Buying new house, but wanting to keep existing house

the_salmon
Posts: 84 Forumite
Hi, first post, but a long time viewer of posts. Ive had a hunt for a similar situation to mine but cant find one so here goes...any advice would be appreciated!!
I own a house at the moment but due to a job change I will be moving.
In an ideal world I would like to keep my current house. I think it will struggle to sell at a value that I would be happy with and ive just spent quite a bit of money in improving it.
But I also want to own a house in the new area that I will be moving to so I can live in.
I appreciate I probably need to speak to my mortgage company, and I am aware that I will have to change the mortgage to a buy to let mortgage.
But I don't have any capital to invest as a deposit on the new house.
So am I right in thinking I could look to remortgage my current home on a buy to let, and release whatever equity there is which could then be used as a deposit against the new house???
If anyone has any golden nuggets of advice regarding this then I would love to hear from you.
Thanks
I own a house at the moment but due to a job change I will be moving.
In an ideal world I would like to keep my current house. I think it will struggle to sell at a value that I would be happy with and ive just spent quite a bit of money in improving it.
But I also want to own a house in the new area that I will be moving to so I can live in.
I appreciate I probably need to speak to my mortgage company, and I am aware that I will have to change the mortgage to a buy to let mortgage.
But I don't have any capital to invest as a deposit on the new house.
So am I right in thinking I could look to remortgage my current home on a buy to let, and release whatever equity there is which could then be used as a deposit against the new house???
If anyone has any golden nuggets of advice regarding this then I would love to hear from you.
Thanks
0
Comments
-
HMRC use this very example - particularly if you are moving to Holland but it applies elsewhere!- on their website:Example 2
Mr A owns a flat in central London, which he bought ten years ago for £125,000. He has a mortgage of £80,000 on the property. He has been offered a job in Holland and is moving there to live and work. He intends to come back to the UK at some time. He decides to keep his flat and rent it out while he is away. His London flat now has a market value of £375,000.
The opening balance sheet of his rental business shows:
Mortgage £80,000
Property at market value £375,000
Capital account £295,000
He renegotiates his mortgage on the flat to convert it to a buy to let mortgage and borrows a further £125,000. He withdraws the £125,000, which he then uses to buy a flat in Rotterdam.
The balance sheet at the end of Year 1 shows:
Mortgage £205,000
Property at market value £375,000
Capital account B/F£295,000
Less Drawings £125,000
C/F £170,000
Although he has withdrawn capital from the business the interest on the mortgage loan is allowable in full because it is funding the transfer of the property to the business at its open market value at the time the business started. The capital account is not overdrawn.
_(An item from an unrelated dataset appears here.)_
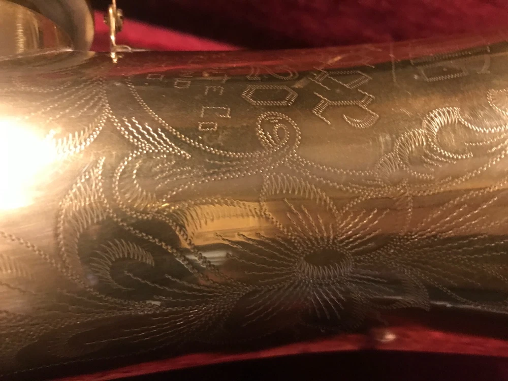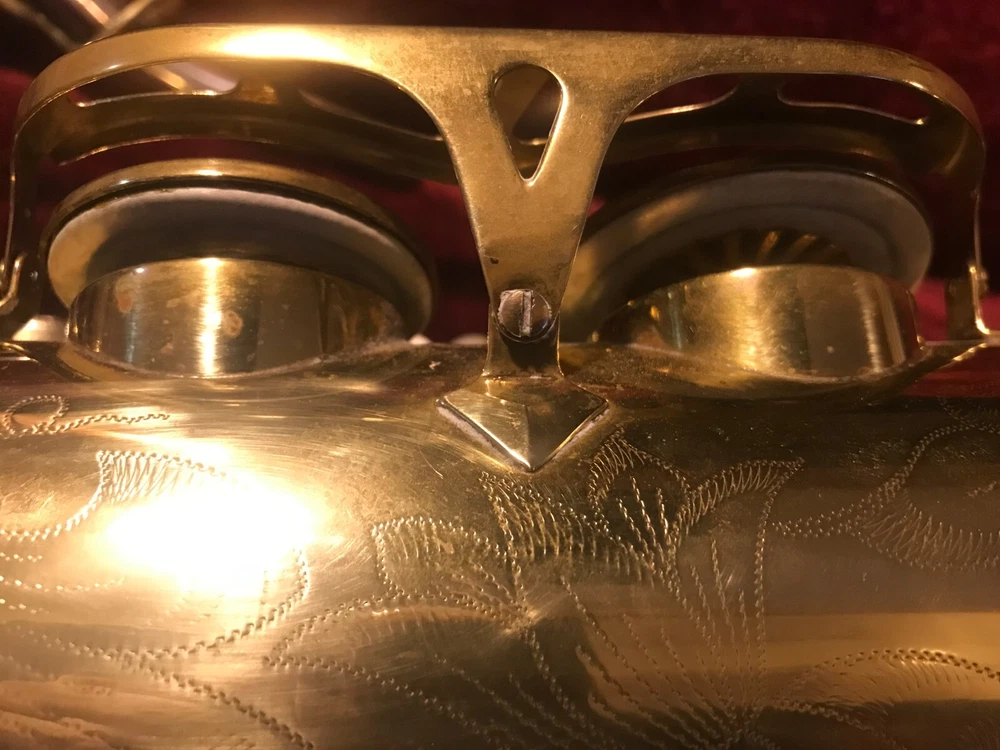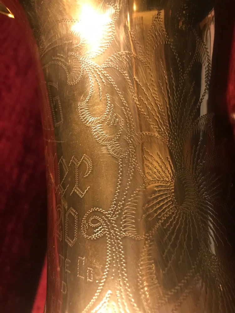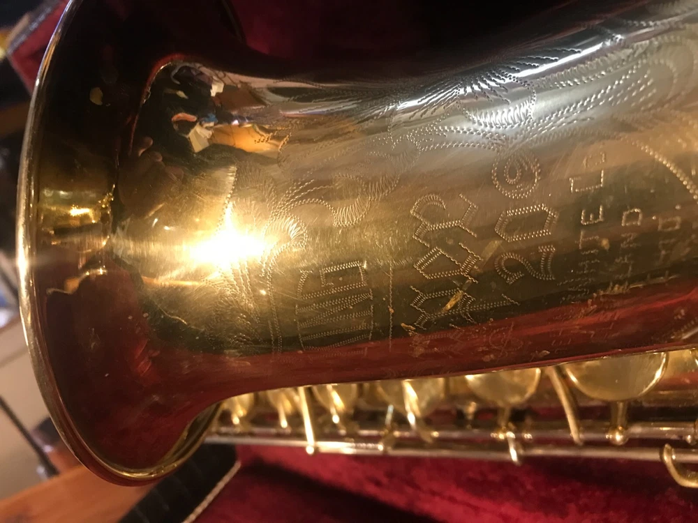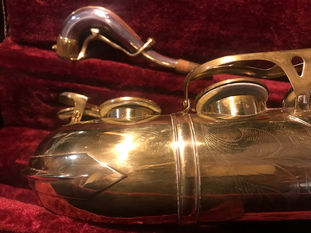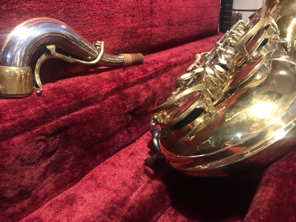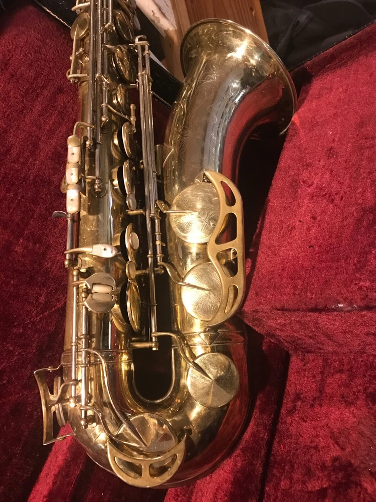 Great horn in very good condition with very light signs of wear. Hard to see but maybe a tiny ding here and there not substantial enough to plainly see in pix. Has no lacquer shine just the quality brass metal of the body. All the keys and pearls are in tacked and the horn looks great. If you need more info feel free to contact me and I will do my best to provide it. This sax is modestly priced and all reasonable serious offers will be considered. Thank you.

Remember that any income you receive from renting is taxable but you can deduct the mortgage interest on the BTL mortgage, letting fees and a variety of other expenditure. Legal fees to convert to BTL are capital costs and can be deducted from your capital gains tax when you finally sell the property.
www.landlordzone.co.uk is a useful resource as is www.taxationweb.co.uk.0 -
Hi
Depends on your mortgage company really.
We were recently looking to rent our house out and wanted to release some equity from it (we had about 70/75% equity and, like you, wanted to release equity towards a deposit for a new house). In the end we actually sold (at a reasonable price) and that was less hassle for us...
BUT, I did discover the following whilst looking into renting this place out:
- Our existing mortgage lender (Intelligent Finance) would allow us permission to let (at quite a price!), but wouldn't allow us to release ANY equity. IF don't do Buy to Let mortgages as such.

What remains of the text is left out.